Show, in full, each line of the data that contains "мадрасаси".

Collected data entries:
- Opening Delimiter -

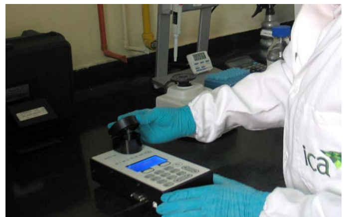
Figura 4. Técnica de polarización fluorescente
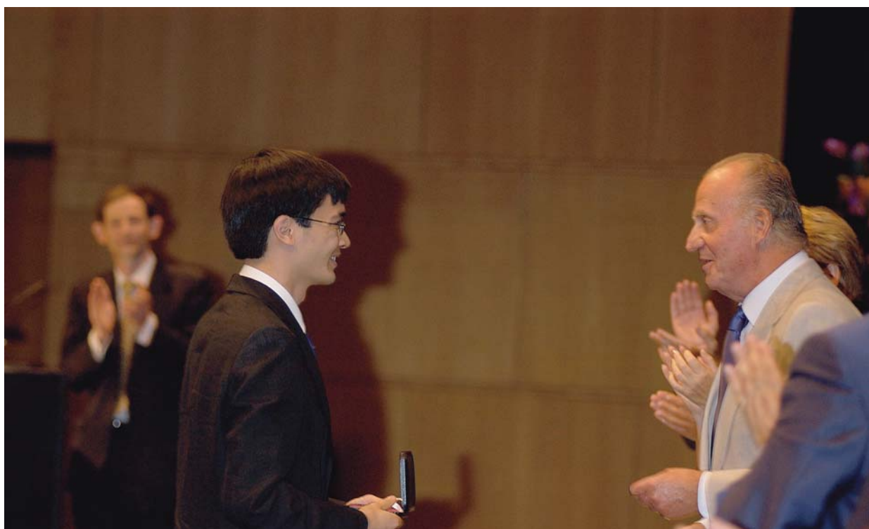
Tao recibiendo la Medalla Fields, Madrid 2006

Haciendo cálculos con rapidez y conociendo una gran cantidad de hechos es lo mismo que el escalador de roca con fuerza, rapidez y buenas herramientas. Aún así todavía necesitas un plan —que es la parte más difícil— y hay que ver el panorama completo.
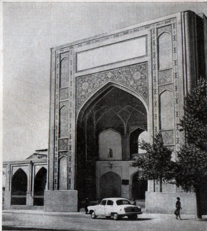
Бароқхон мадрасаси. Асосий пештоқ. Медресе Барак-хана. Главный портал.

Бароқхон мадрасаси 1859 йилда Тошкент ҳокими Қаноатшоҳ даврида кўп марта қилинган ремонтлар вақтида анча ўзгариб кетган. Унинг дастлабки кўриниши бузилган. XVIII—XIX асрлар мобайнида Бароқхон мадрасасининг қимматли ўймакор, садаф қадалган эшиклари, мақбара ичидаги агальматолиб устунлари, ўймакор безаклари ва ҳоказолар йўқолиб кетган. 1868 йилгача олинган суратлари, кошин ва безакларнинг 1935—1956 йилларда таъмир қилиш ишлари ўтказилаётган вақтда очилган ва тупроқ орасидан топилган қолдиқларигина мадраса фасадалари ва интерьерларининг қадимги кўринишини тўлароқ тасаввур қилиш имконини беради.

- Closing Delimiter -

Answer for the task:
Бароқхон мадрасаси. Асосий пештоқ. Медресе Барак-хана. Главный портал.
Бароқхон мадрасаси 1859 йилда Тошкент ҳокими Қаноатшоҳ даврида кўп марта қилинган ремонтлар вақтида анча ўзгариб кетган. Унинг дастлабки кўриниши бузилган. XVIII—XIX асрлар мобайнида Бароқхон мадрасасининг қимматли ўймакор, садаф қадалган эшиклари, мақбара ичидаги агальматолиб устунлари, ўймакор безаклари ва ҳоказолар йўқолиб кетган. 1868 йилгача олинган суратлари, кошин ва безакларнинг 1935—1956 йилларда таъмир қилиш ишлари ўтказилаётган вақтда очилган ва тупроқ орасидан топилган қолдиқларигина мадраса фасадалари ва интерьерларининг қадимги кўринишини тўлароқ тасаввур қилиш имконини беради.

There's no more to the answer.